Du rouge sang de la Judith décapitant Holopherne du peintre Le Caravage au rosé écarlate du vigneron vendéen Christian Chabirand, il n’y a qu’un claquement de langue. Le tableau oublié sous la poussière, dans un grenier toulousain, réapparait en juin 2014. Il entame alors une tournée d’expertises et de présentations, le cabinet chargé de l’authentification ne ménageant pas sa peine pour communiquer sur ce chef d’œuvre. On espère alors pouvoir bientôt l’admirer dans un grand musée à l’issue de la vente aux enchères pour laquelle il est estimé à 100-150 millions d’euros.
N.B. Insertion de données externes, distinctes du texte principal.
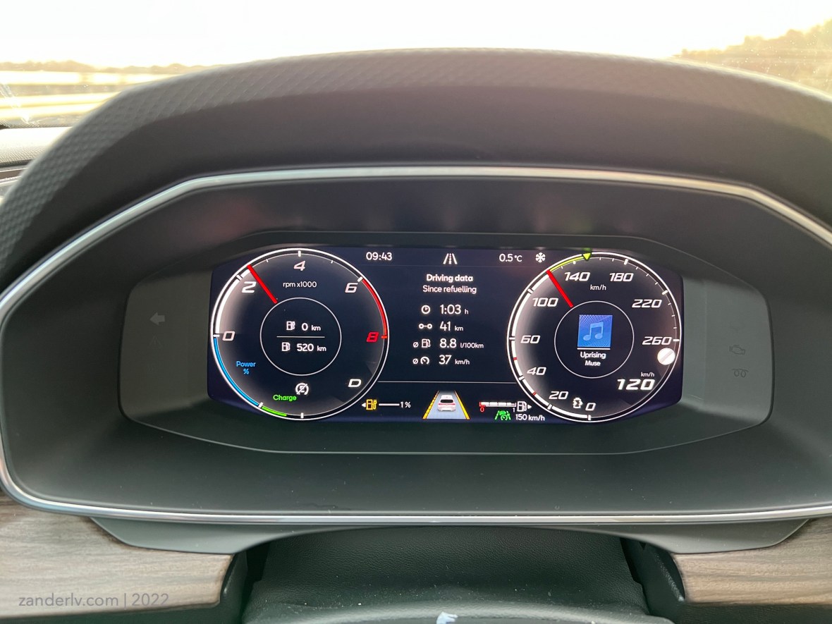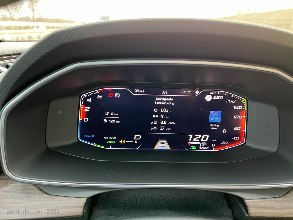 Панель приборов представляет собой настраиваемые дисплей, всё в принципе на своих местах, есть небольшой выбор – на свой вкус, как все должно выглядеть, но найти регулировку яркости главной панели я не нашел. Регулируется только мультимедия дисплей, а здесь остается ночью только выбрать экран, на котором есть лишь скорость, но даже при этом он остается довольно ярким в темноте.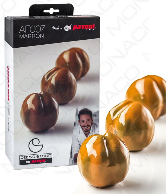 Dvoudílná silikonová forma na výrobu dortíků ze série Pavoflex od cukrářského mistra Cedric Grolet. Série obsahuje formu na oříšky, na citróny a na kaštany. Je určená na zamražování až na teplotu -40°C. Na rozdíl od běžných forem se skládá ze dvou dílů do sebe zapadajících. Vynikající na šlehačkové dorty, zákusky a výrobu semifred. Používá se i na přípravu teplých pokrmů. Zaručuje bezchybné výsledky. Formu není nutné před použitím vymazávat ani vysypávat.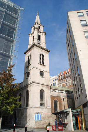 Given the demands of Wren’s time elsewhere, it’s not known if he personally designed the resulting church (the spire is possibly the work of Nicholas Hawksmoor), but the church was rebuilt and stood until 194o when the body of the building was ruined in the Blitz. The spire, however, survived and the restoration of the remainder of the church was completed in 1962.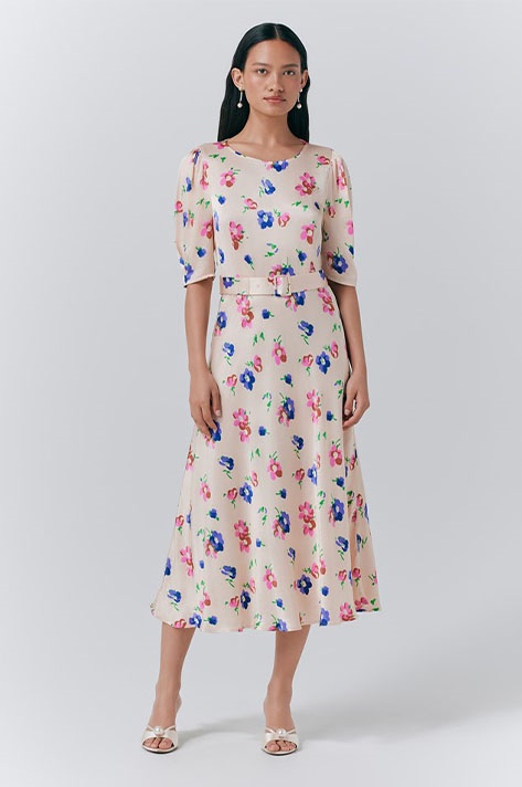 Lenora Floral Belted Midi Dress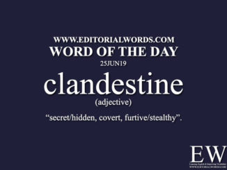 Today’s “Word of the Day” is clandestine and it is a adjective meaning “secret/hidden, covert, furtive/stealthy”. This word is present in today’s The Hindu front […….]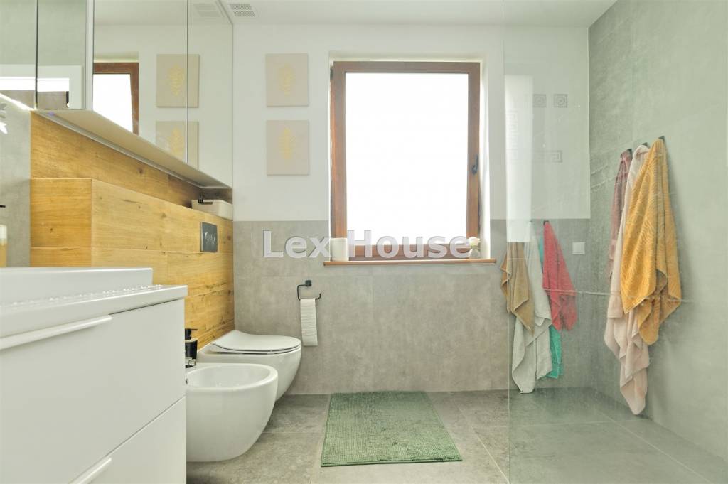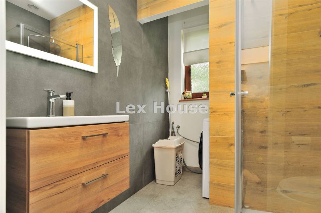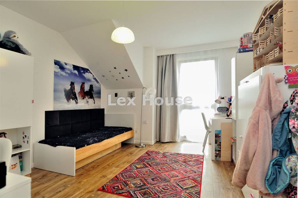 Piętro : główna sypialnia, pokój dziecięcy, pokój gościnny, gabinet, przedpokój oraz łazienka, wyposażona w prysznic i kabinę typu walk- in, która zapewnia idealne warunki do relaksu.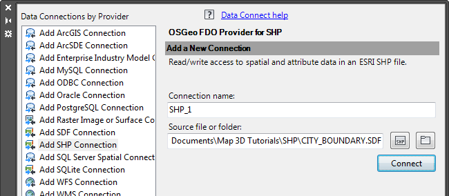 - In the Data Connect window, under Data Connections By Provider (on the left), select Add SHP Connection.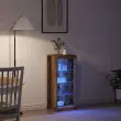 • Vključene komponente: Vsaka kredenca ima vgrajene LED trakove v steklenih policah. Večbarvne LED luči ustvarjajo toplo vzdušje, ki ga je enostavno nadzorovati s preprostim potisnim gumbom. Vgrajena osvetlitev omogoča enostavno ogledovanje vaših eksponatov, dodaja funkcionalnost in stil vsakemu prostoru.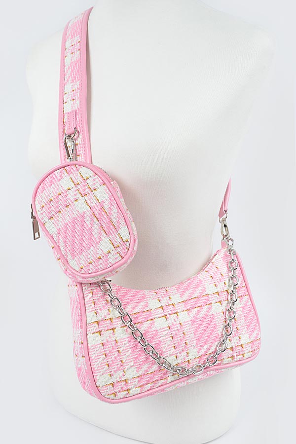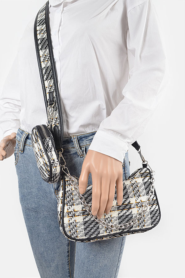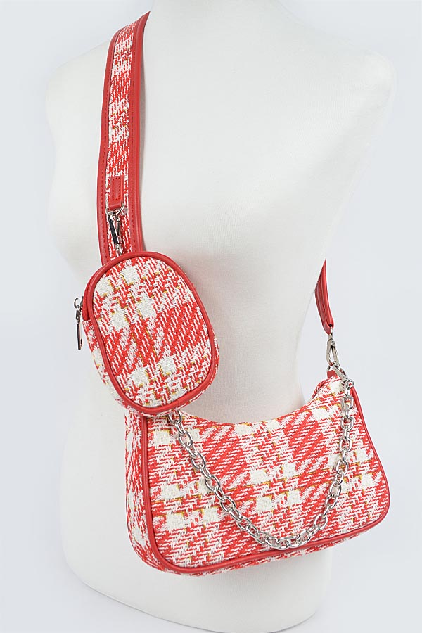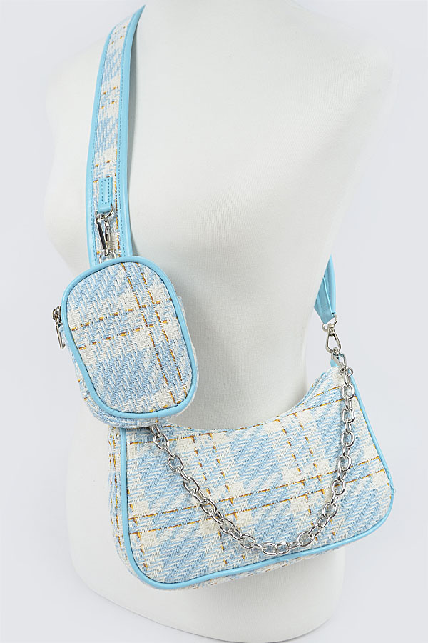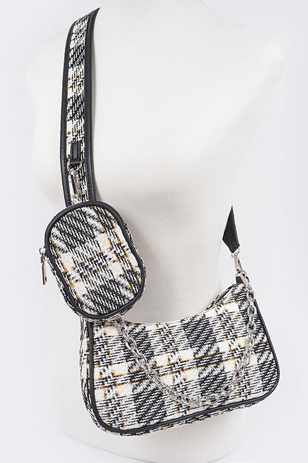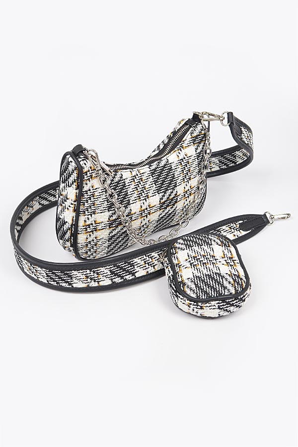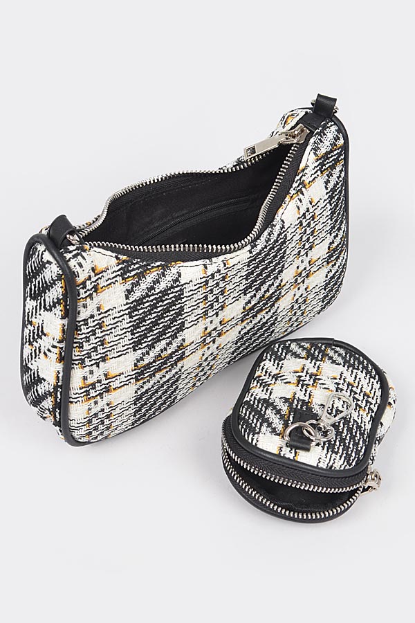 - * Tweed Plaid Shoulder Bag W/Airpod Purse

Un jour d’avril 2016, un coup de téléphone de Paris s’enquiert auprès du domaine Prieuré La Chaume, au sud de la Vendée, de sa cuvée de rosé Le Caravage et commande derechef 48 bouteilles, à livrer sous 48 h. Le vigneron, Christian Chabirand, quelque peu surpris par ce soudain intérêt pour son rosé en IGP Val de Loire-Vendée (10,50€) expédie toutefois la marchandise dans les temps et n’entend plus parler de ses bouteilles lorsqu’un mois plus tard, en écoutant la matinale d’Europe 1, il tombe sur l’interview d’Eric Turquin, un expert en tableaux commentant à l’antenne l’histoire du tableau retrouvé de Caravage. Le nom lui dit quelque chose et après vérification immédiate dans son carnet de commandes, il en a la confirmation : c’est bien ce monsieur qui lui a commandé les bouteilles de rosé. Pour en avoir le cœur net, le vigneron rappelle le numéro associé à la commande et tombe en effet au cabinet d’expertise parisien. Son coup de fil tombe à pic, il n’y a plus de « ce fameux Caravage qui a été si apprécié » (le vin bien sûr, pas le tableau) car les bouteilles ont accompagnées chaque présentation du chef d’œuvre aux media et aux personnalités. Une nouvelle commande est donc passée sur le champ. Peut-être qu’un de ces flacons accompagnera le tableau pour traverser les frontières puisqu’il vient d’être cédé de gré à gré à un acheteur étranger avant la vente qui devait avoir lieu à Toulouse vendredi prochain.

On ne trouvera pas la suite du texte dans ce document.